Transcribe each record exactly. Omit the pictures.

───── DATA PROVIDED ─────

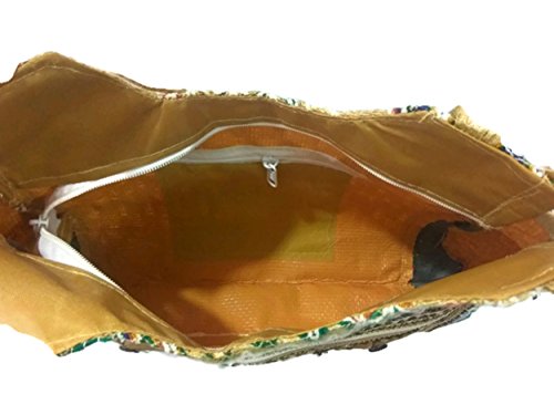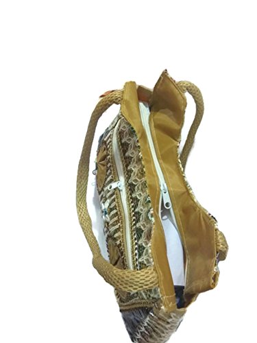 small large Medium Size double strap Stylish Eco-friendly Jute handbag Tote Bag with Zippered Closure jute laminated lunch bag variety bags (Medium size with Large Front Pocket)
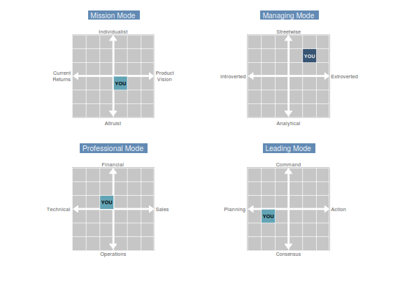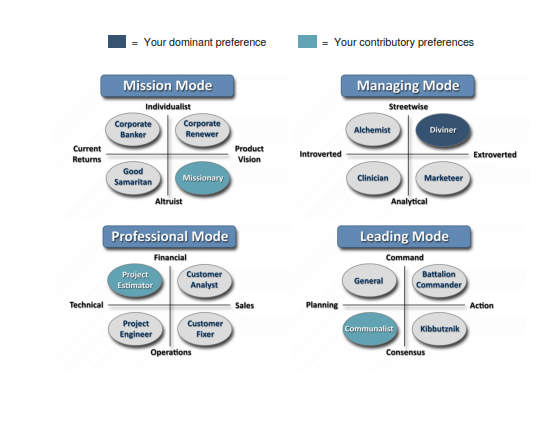 Your Leadership CockpitThis represents your preferences within each of the four leadership modes which direct your activities and the outcome of your organization. |
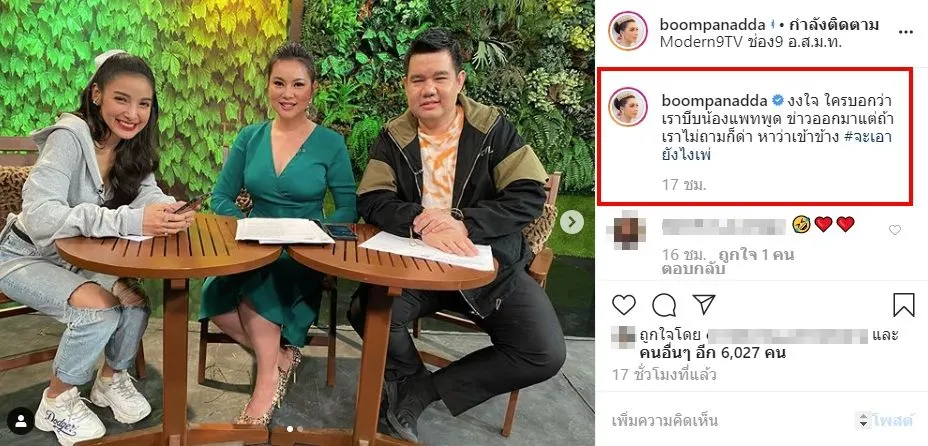 เเละงานนี้ก็ดูเหมือนเรื่องราวชักบานปลาย เมื่อชาวเน็ตต่างหาว่าต้นตอของดราม่าทั้งหมด เป็นเพราะ สาวบุ๋ม ปนัดดา บังคับให้ แพท ณปภา พูดยอมรับสถานะกับหนุ่มคนใหม่ โดยงานนี้ บุ๋ม ปนัดดา ก็ถึงกับของขึ้นกลางไอจี ได้โพสต์รูปภาพ พร้อมเเคปชั่นว่า
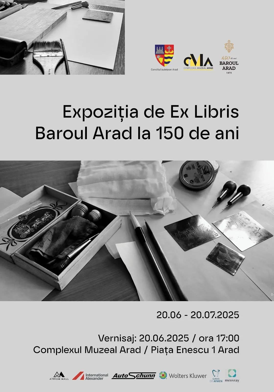 Vineri, 20 iunie 2025, ora 17:00, la Complexul Muzeal Arad, Piața George Enescu nr. 1 a avut loc vernisajul expoziției de Ex Libris „Baroul Arad la 150 de ani”.
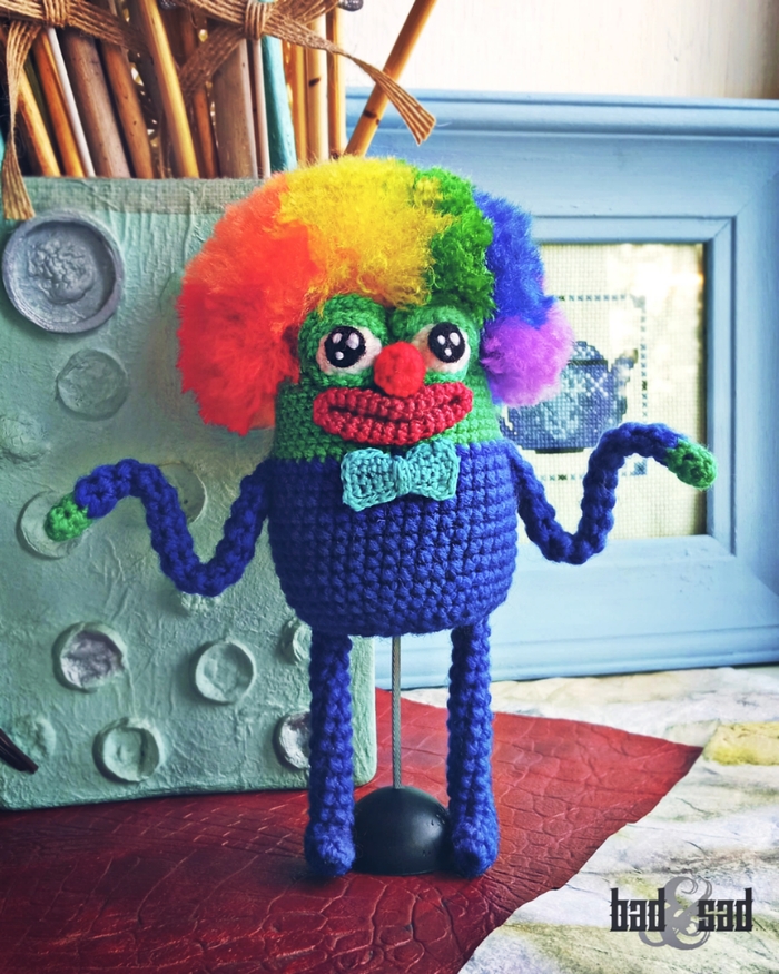 При переезде я связала аж 5 своих любимых арлекинов в разных расцветках. В последнее время именно эти модели игрушек у меня в«любимчиках», потому что они открывают безграничное множество вариантов сочетания цветов.

─────

[ANSWER BOX]
 small large Medium Size double strap Stylish Eco-friendly Jute handbag Tote Bag with Zippered Closure jute laminated lunch bag variety bags (Medium size with Large Front Pocket)
 Your Leadership CockpitThis represents your preferences within each of the four leadership modes which direct your activities and the outcome of your organization. |
 เเละงานนี้ก็ดูเหมือนเรื่องราวชักบานปลาย เมื่อชาวเน็ตต่างหาว่าต้นตอของดราม่าทั้งหมด เป็นเพราะ สาวบุ๋ม ปนัดดา บังคับให้ แพท ณปภา พูดยอมรับสถานะกับหนุ่มคนใหม่ โดยงานนี้ บุ๋ม ปนัดดา ก็ถึงกับของขึ้นกลางไอจี ได้โพสต์รูปภาพ พร้อมเเคปชั่นว่า
 Vineri, 20 iunie 2025, ora 17:00, la Complexul Muzeal Arad, Piața George Enescu nr. 1 a avut loc vernisajul expoziției de Ex Libris „Baroul Arad la 150 de ani”.
 При переезде я связала аж 5 своих любимых арлекинов в разных расцветках. В последнее время именно эти модели игрушек у меня в«любимчиках», потому что они открывают безграничное множество вариантов сочетания цветов.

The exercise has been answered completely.